The United States 'approach also sends a signal: Even allies depend on whether you are trustworthy or not. Especially in strategically sensitive areas, once your behavior is not in the interests of a major country, sanctions may be dropped at any time.
Reality is cold, choice is difficult
The incident at Chabahar Port, in the end, was a geopolitical “technical breach” – India was not the first country to be hit by the United States, nor will it be the last.
In this game, who can be released and who will be targeted often depends not on what you do, but on whether you have the cards to fight back.
China can do what India can’t, not because the policy is better, but because the code is better.This is not a gap that can be explained by the phrase “It’s hard to succeed” but the result of decades of strategic accumulation.

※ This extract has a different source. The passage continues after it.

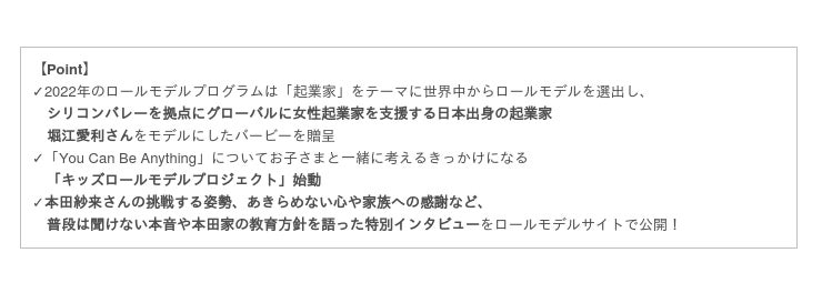 また、今年より、ロールモデルプログラムの根幹である「You Can Be Anything=何にだってなれる」のメッセージを、お子さまと保護者が身近に感じ、一緒に考えていくきっかけにしてほしいという想いから、日本初の「キッズロールモデルプロジェクト」を開始いたします。第1弾として本田紗来さんのオリジナルインタビューを2022年3月8日(火)に特設サイトに掲載いたします。

For India, now is the time to reconsider “strategic autonomy.”When you want to wander between the sides, you end up at a crossroads.The world is becoming more and more realistic, and deciding what you can do has long been not an ideal, but a ability.
In the future, who can move forward in this “port squad” and who will be marginalized, the key is not whether there are friends, but whether there is a bottom.
Source of information:
The Ministry of Transport of China and the Maritime Safety Administration of Pakistan jointly released data (as of the end of 2023): Gwadar Port invested and constructed by China has formed a deepwater berth group with an annual throughput capacity of more than 500,000 tons, making it the core hub port of the China-Pakistan Economic Corridor.
The official website of the U.S. Department of the Treasury released (August 2025): Sanctions were imposed on India Ports Global Limited, requiring it to terminate commercial cooperation with Iran's Chabahar port within 45 days on the grounds of allegedly assisting Iran in circumventing crude oil export restrictions.